SEVDİĞİNE BENZERSİN

Ya habibellah; senin ruhundur benden yansıyan, senin cemalindir benden dokunan, senin sırrındır sırrım olan, sensin benim gönlümde taht kuran.

Bilinçaltlarında en çok kimin sevgisi yatıyorsa, kalbimizden o sesleniş yükselir. Kalbimizin seslenişi ise, tüm yaşantımızın planlarını kurar.

Yaşantımızın bu planları, kaderimiz olarak yazılır. Bu yazgı, bilinçaltımızdaki düsturların bilinç üstünde karşımıza çıkış anına da kaza denir.

İşte tümü sevgiyle nakşedilmişti ezelimizde. Nakış ortaya çıkmıştı ebedimizde. Muhabbeti Muhammedi sav kalbimizde nakşettiğimizde, işte o zaman kaderimiz fıtratla uyumlu olmaya başlayacaktır.

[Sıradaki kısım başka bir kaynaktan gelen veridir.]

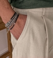 활용도가 좋은 린넨 팬츠입니다. 여름 내내 착용하기 좋은 두께감은 물론 앞면 핀턱과 뒷밴딩으로 제작되어 활동성이 좋고 베이직한 컬러로 두고두고 활용하기 좋아 고객님들께 추천드리는 아이템으로 셔츠, 니트, 반팔티등 다양한 상의와 매치하여 데일리룩, 댄디룩, 출근룩 등 여러 연출이 가능하고 핏 또한 세미와이드핏으로 여유있는 착용감을 느끼실 수 있습니다. SIZE L-XL,2XL,3XL,4XL-5XL 모델착용 [KIHOON]색상 : 크림 / 사이즈 : L-XL
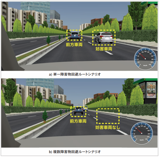 | 前方車両の状況と障害物の有無に応じた回避ルート選択シミュレーション |
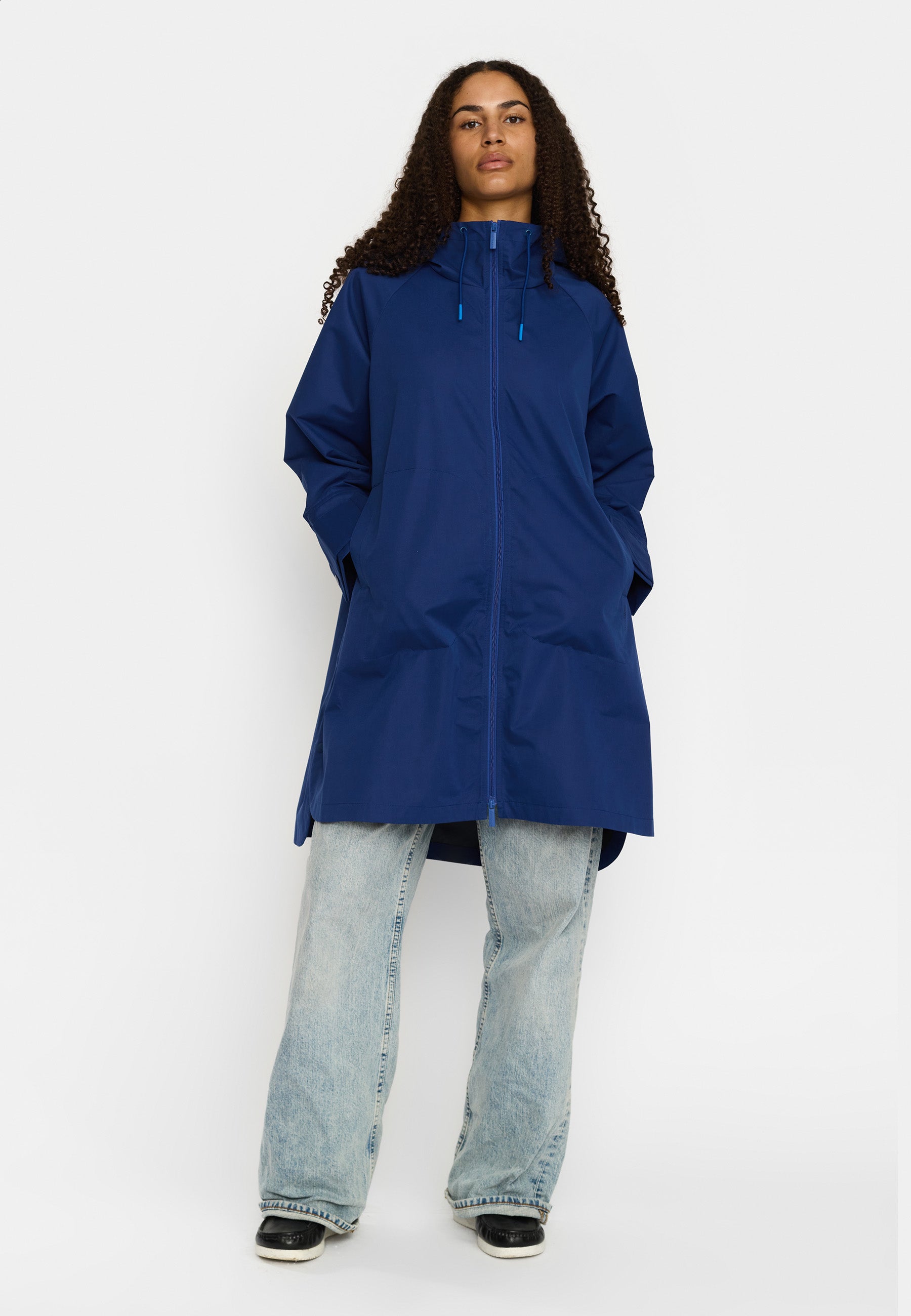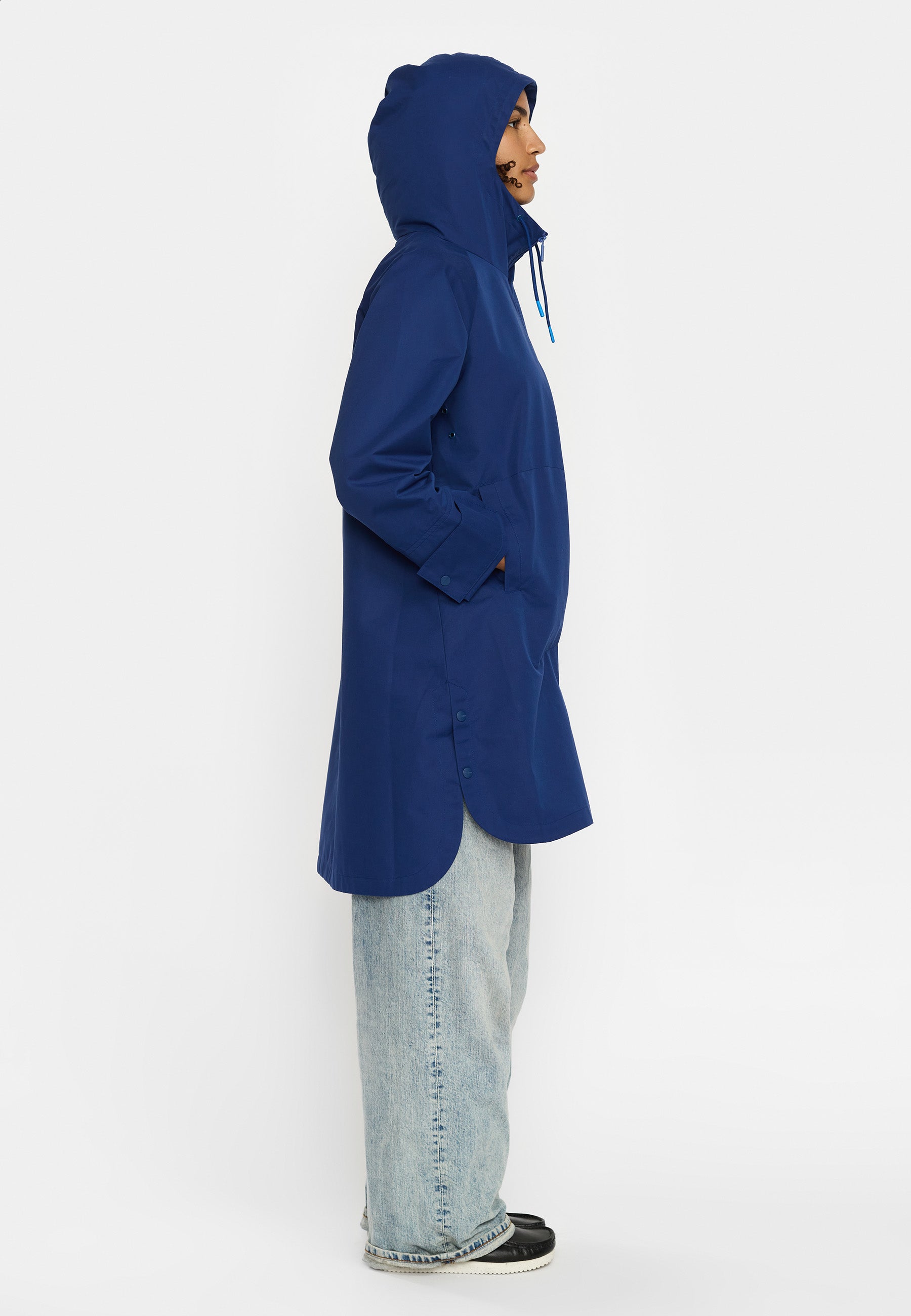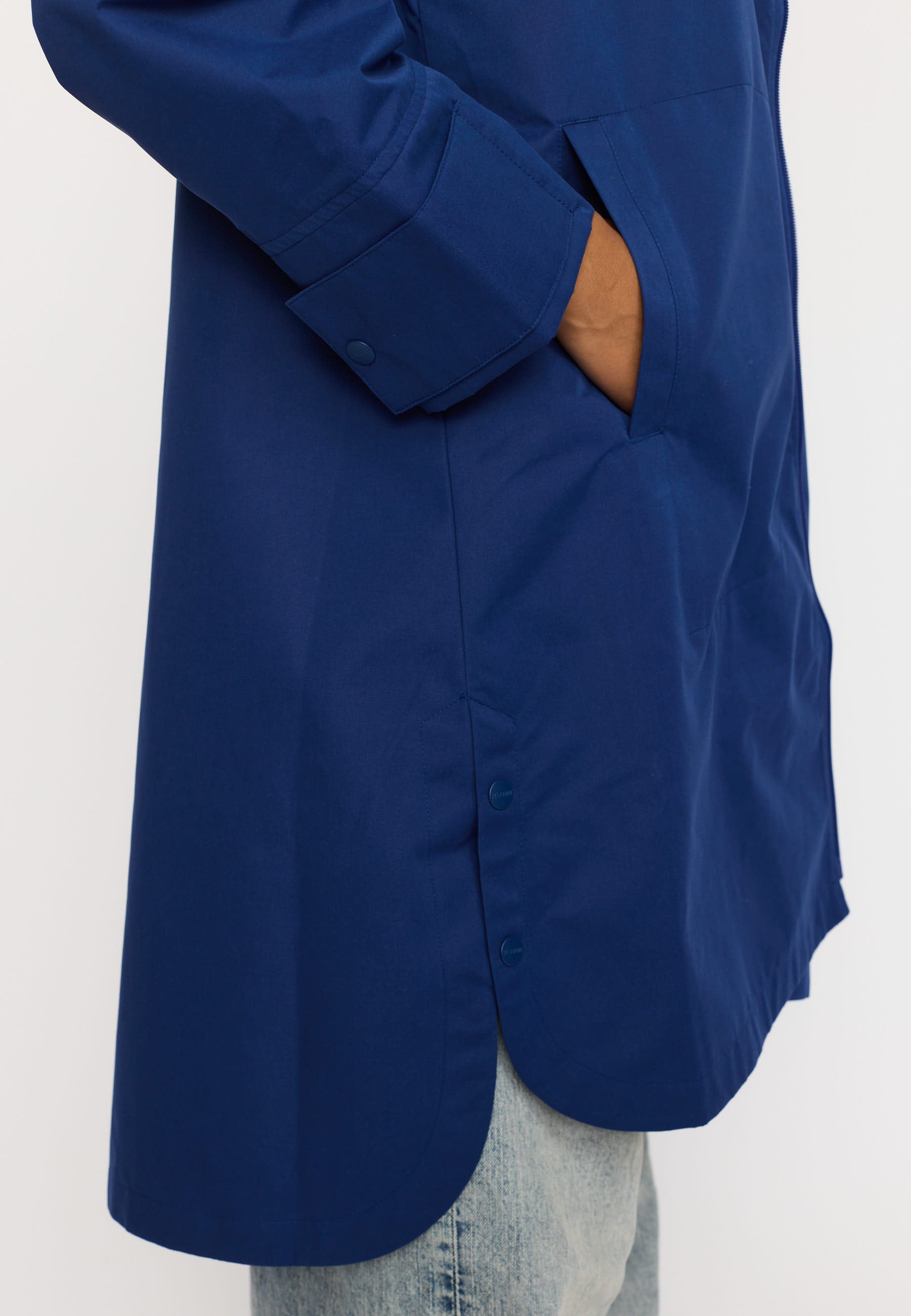 Knee-long hooded jacket made of a recycled polyester fabric with a soft, peached surface in a classic design. The coat has a feminine rounded bottom-line, half-moon shaped pockets, and an adjustable cuff and hood to keep out the wind and rain, and the tone in tone zipper and logo snap-buttons finishes the jacket nicely. The technical lightweight fabric with a 14.000 WCP membrane on the backside, is designed for versatile use, and makes this jacket a safe choice for the changing spring weather. To guarantee that this garment is free from any harmful fluorocarbon, it is coated with environmentally friendly and water-repellent Teflon EcoElite coating

Onun için de, kalbimizde Hz. Muhammed Mustafa sallellahu aleyhi ve sellem efendimizin sevgisi her sevgiden üstün olmalı ki, Allaha likamız tamamlansın.

“Nefsim elinde olan Allah’a yemin ederim ki hiçbiriniz, ben kendisine babasından da evlâdından da daha sevgili olmadıkça iman etmiş olmaz.” (Buhari, İman 7)

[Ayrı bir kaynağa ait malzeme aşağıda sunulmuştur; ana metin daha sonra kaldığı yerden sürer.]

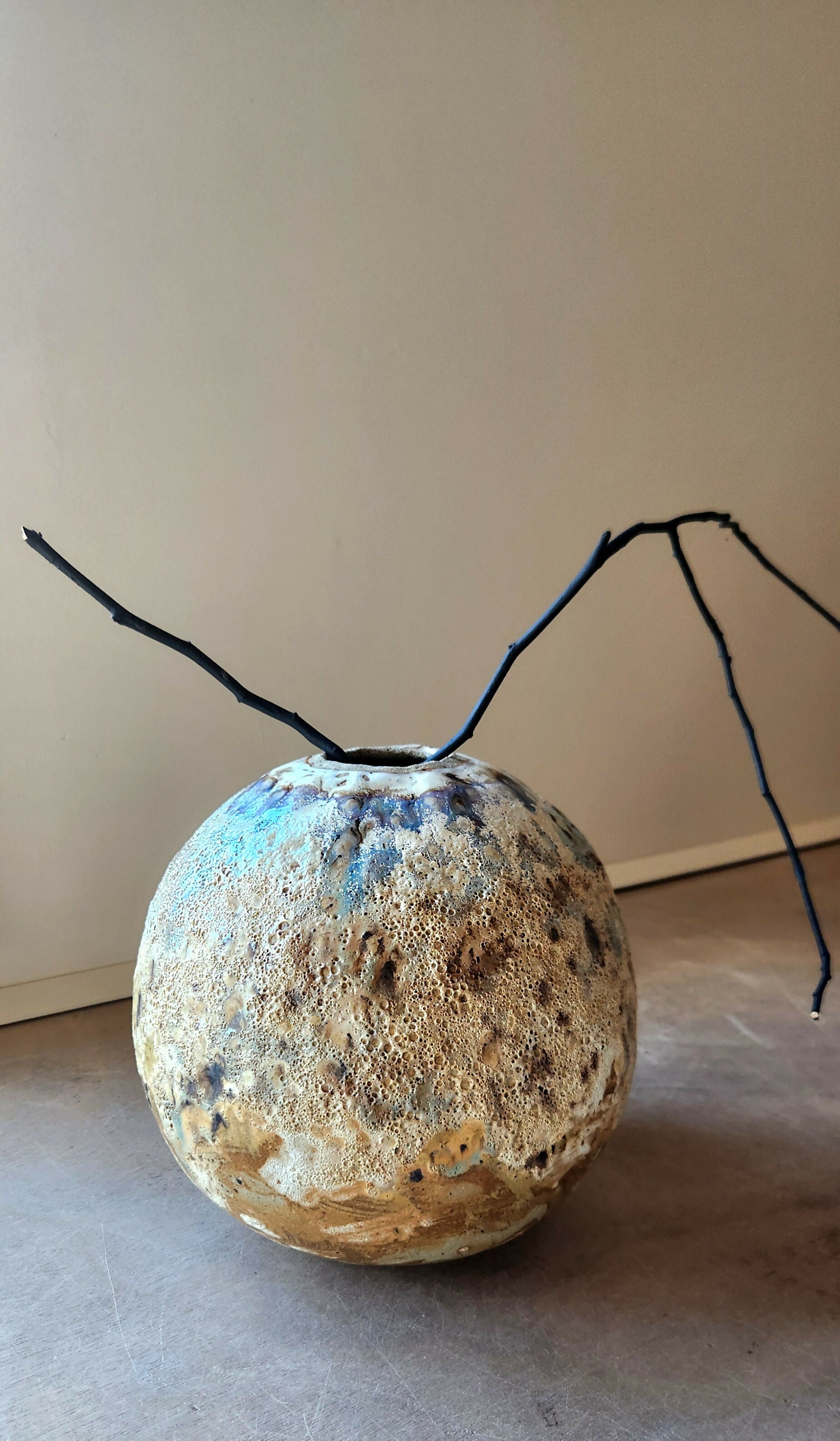 This rounded form has been hand-built with coils to display a more imperfect organic feel. Multiple glazes have been used in varying layers to add texture, and earthy tones similar to cappuccino froth. The inside has been glazed, then been high fired in a gas burner kiln.

İşte Muhammedi muhabbet, kalbini diriltir ilelebet. Odur esas marifet. Gayrı muhabbet yaşatır hezimet.

O sevda dillerde destan, O sevda gönüllerde bostan, O sevda akıllarda burhan, O sevda semalar aynan.

Sen de diril o sevdayla, gayrı sevdalar kaybolsun haliyle. İşte o zaman bakarsın veçhiyle, ayaktayken otururken ve yan üstü yatarken daim olursun Allah’ın zikriyle.

Selam olur yaşamın her yönüyle, Allah zikrini sana tanıtır Hz. Muhammed Mustafa sallellahu aleyhi ve sellem efendimiz. Ondan ulaşır Allah ipi gelir, oluşur sende saadet. O zaman gayriye kalmaz minnet. O zaman Allah eder sana merhamet.

Allah rauf ve rahim eyledi o sultanı. İnanmıyorsan oku Tövbe suresinin sonunu. Oradan nakşediyor hak her halini, öylece bilincin terk eder her yabanı.

Şefkat rahmet saadet, senin olsun ilelebet, gecen ile doğsun rahmet, sabahın nurlansın görmeyesin artık zahmet.